Typical Mormon Thief - 1845

Alton Telegraph & Democratic Review – June 21, 1845

More Mormon Outrages.

One day last week, the iron on a portion of the railroad between Jacksonville and Meredasia was stripped from the rails and stolen. The Governor immediately issued handbills, offering a reward of two hundred and fifty dollars for the detection and conviction of the perpetrators. Mr. Hunt, the jailor at Jacksonville, had, however, previously started in pursuit of the thief. He succeeded in finding him beyond Carthage, in Hancock county, with his wagon standing before his door loaded with a portion of the iron that had been stripped from the railroad. The person implicated is Charles Chrisman, a Mormon Elder, and formerly a resident of Morgan county. He had taken altogether three loads, weighing in the aggregate about 4,500 pounds. Chrisman sold it to a blacksmith in his neighborhood, at four cents per pound. He was brought back to Morgan county, where the theft was committed, and safely lodged in jail for trial, which it was expected would take place sometime this week. Chrisman is of a respectable family, and is said to be a man of property. He deserves to be punished to the very extent of the law.

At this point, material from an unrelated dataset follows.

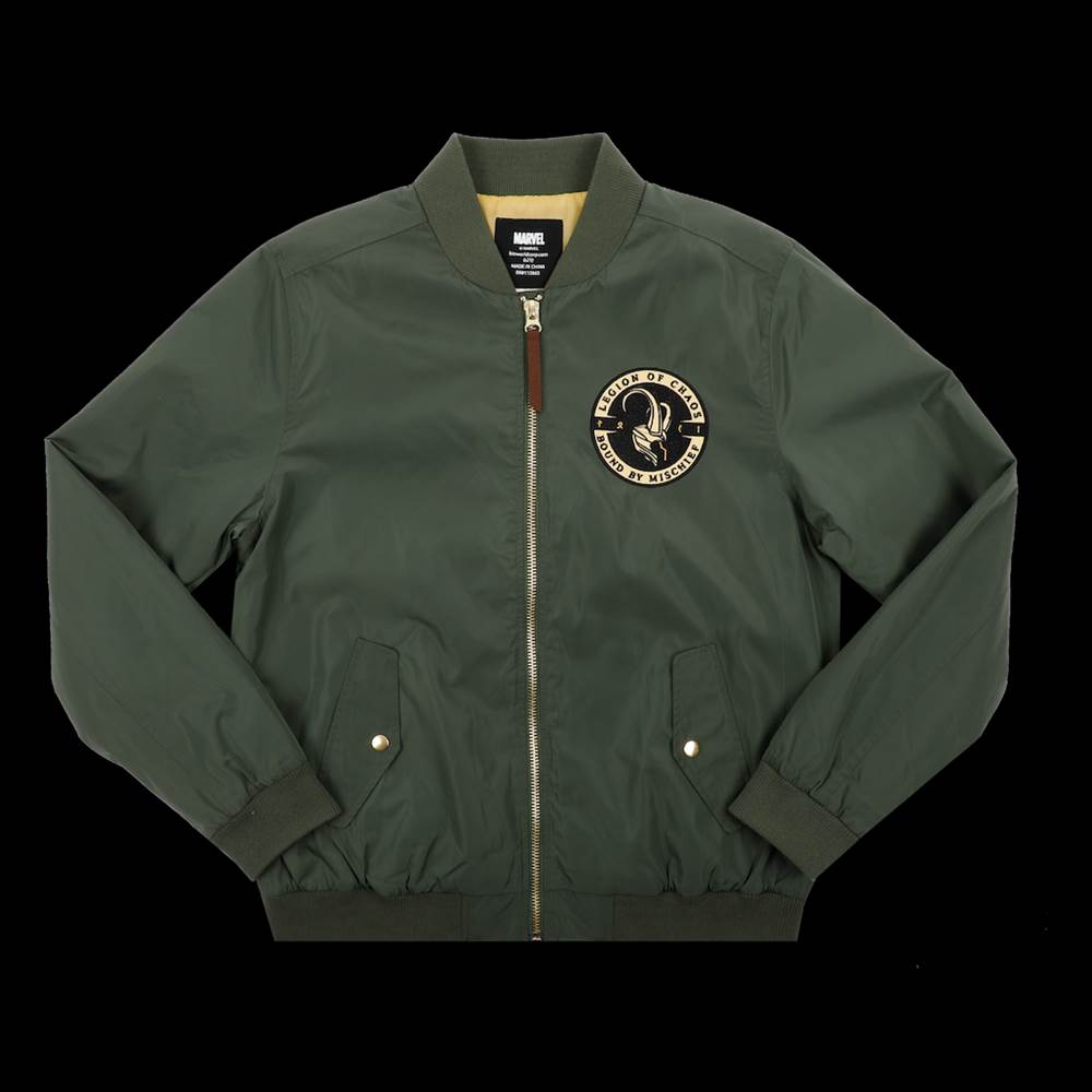 “The Loki Legion of Chaos Bomber Jacket features an embroidered ‘Legion of Chaos, Bound By Mischief’ emblem on the chest and back, both featuring Loki’s iconic golden headpiece. 100% polyester with ribbed knit collar, cuffs, and hem, with two front flap-snap pockets."

The Mormons have forwarded a petition, which was presented to the Legislature of Connecticuit, on the 31st ultimo, asking for an Asylum in Connecticut, or for aid in obtaining one elsewhere. We certainly do not desire that any other state should be scouraged by the location of this wickedly depraved set among them, but we at the same time most fervently hope that they may take up their line of march from Illinois as speedily as possible. A greater clan of imposition and rascality never were herded together before in any part of the civilized world.